#### Source data:
^^^^^^^^

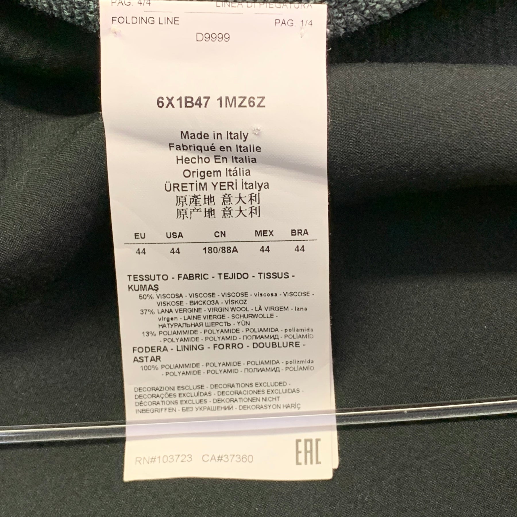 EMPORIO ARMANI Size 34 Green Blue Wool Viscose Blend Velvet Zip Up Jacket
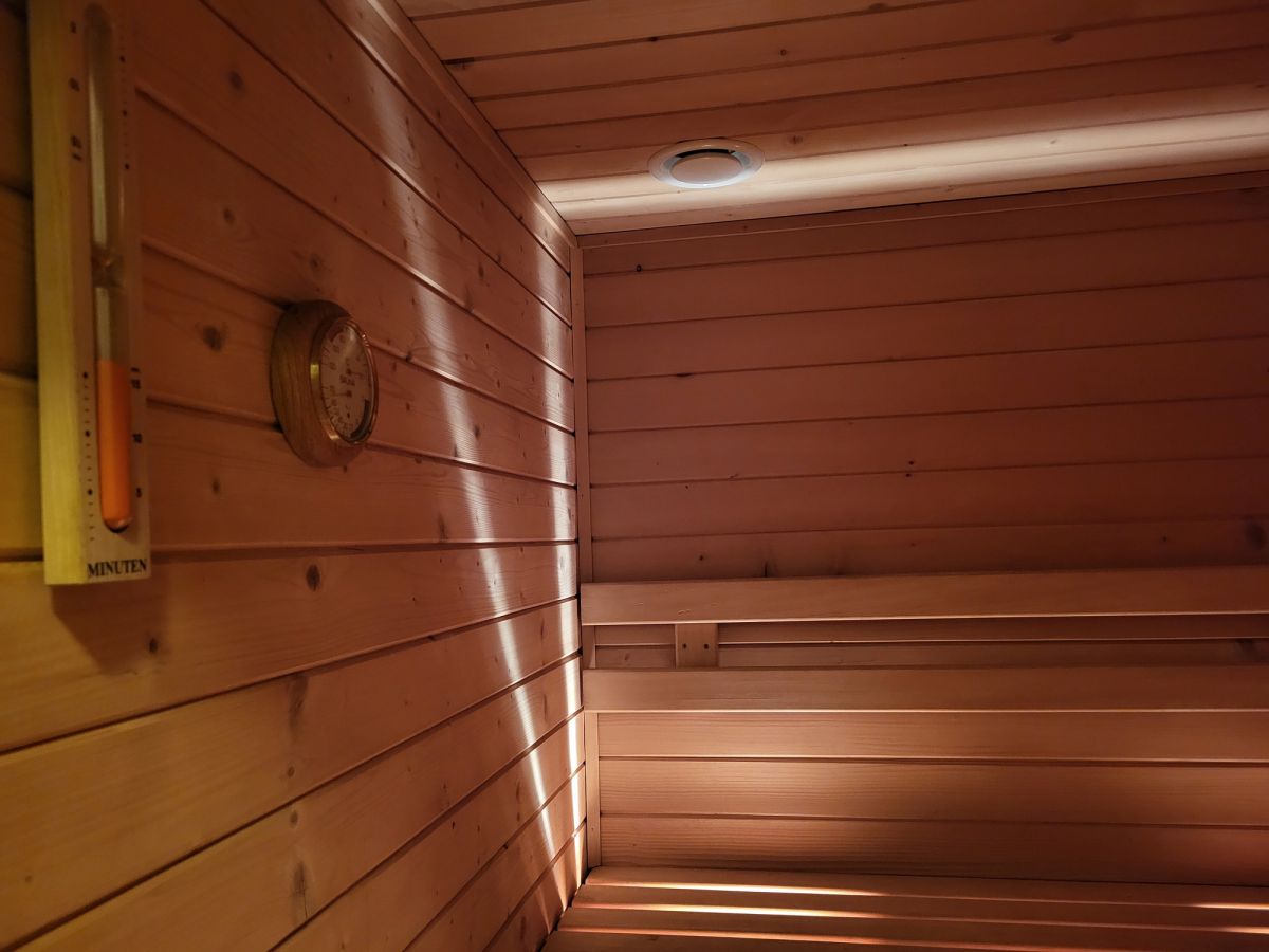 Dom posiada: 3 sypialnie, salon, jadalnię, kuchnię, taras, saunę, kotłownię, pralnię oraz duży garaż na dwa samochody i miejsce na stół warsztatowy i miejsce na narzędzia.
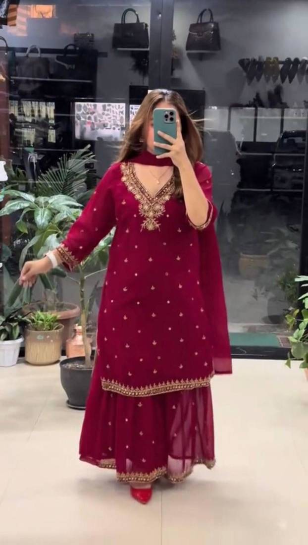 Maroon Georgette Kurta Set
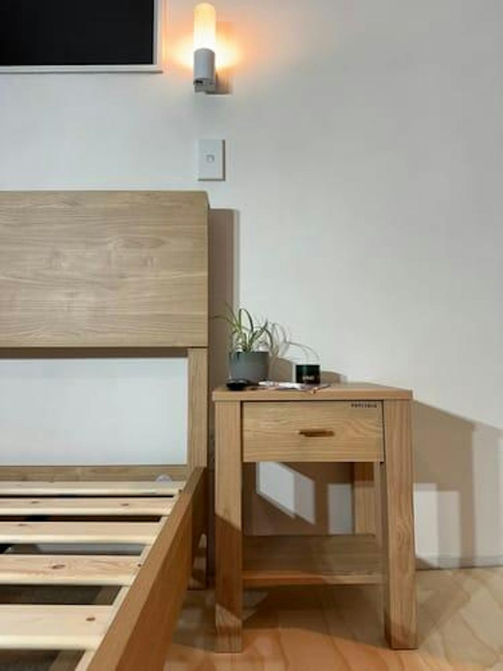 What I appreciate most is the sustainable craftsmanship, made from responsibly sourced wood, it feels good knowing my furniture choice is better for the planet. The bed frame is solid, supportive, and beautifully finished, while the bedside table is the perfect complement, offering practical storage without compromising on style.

^^^^^^^^

Every line from the one containing "Maroon Georgette Kurta Set" through the end of the listing is to be copied exactly; the pictures are not.

 Maroon Georgette Kurta Set
 What I appreciate most is the sustainable craftsmanship, made from responsibly sourced wood, it feels good knowing my furniture choice is better for the planet. The bed frame is solid, supportive, and beautifully finished, while the bedside table is the perfect complement, offering practical storage without compromising on style.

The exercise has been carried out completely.